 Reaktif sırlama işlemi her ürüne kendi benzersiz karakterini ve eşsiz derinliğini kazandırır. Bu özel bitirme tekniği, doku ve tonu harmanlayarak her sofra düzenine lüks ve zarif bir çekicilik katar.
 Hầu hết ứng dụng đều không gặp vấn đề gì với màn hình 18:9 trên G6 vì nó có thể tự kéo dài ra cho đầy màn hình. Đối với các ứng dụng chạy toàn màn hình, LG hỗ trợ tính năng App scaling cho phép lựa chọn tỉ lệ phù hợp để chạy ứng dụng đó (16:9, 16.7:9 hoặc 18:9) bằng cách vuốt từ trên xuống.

--

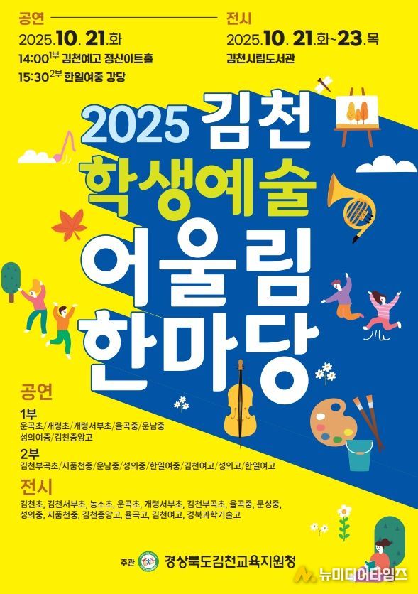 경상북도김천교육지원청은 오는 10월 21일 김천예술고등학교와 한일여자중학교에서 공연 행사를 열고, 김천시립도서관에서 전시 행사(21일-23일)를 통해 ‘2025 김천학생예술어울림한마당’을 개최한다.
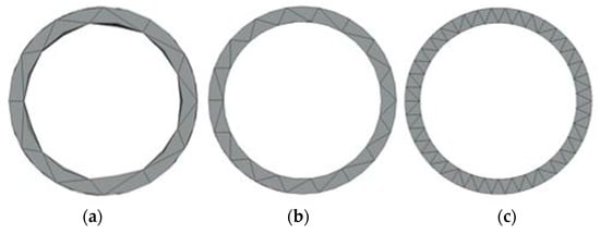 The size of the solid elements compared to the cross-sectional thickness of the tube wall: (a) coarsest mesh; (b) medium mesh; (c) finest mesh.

* _WORK REQUEST_
Please copy out from the data above, without any picture, exactly the lines running from the one that holds "경상북도김천교육지원청은 오는 10월" through the one that holds "The size of", and nothing beyond them.

* _SOLUTION BELOW_
 경상북도김천교육지원청은 오는 10월 21일 김천예술고등학교와 한일여자중학교에서 공연 행사를 열고, 김천시립도서관에서 전시 행사(21일-23일)를 통해 ‘2025 김천학생예술어울림한마당’을 개최한다.
 The size of the solid elements compared to the cross-sectional thickness of the tube wall: (a) coarsest mesh; (b) medium mesh; (c) finest mesh.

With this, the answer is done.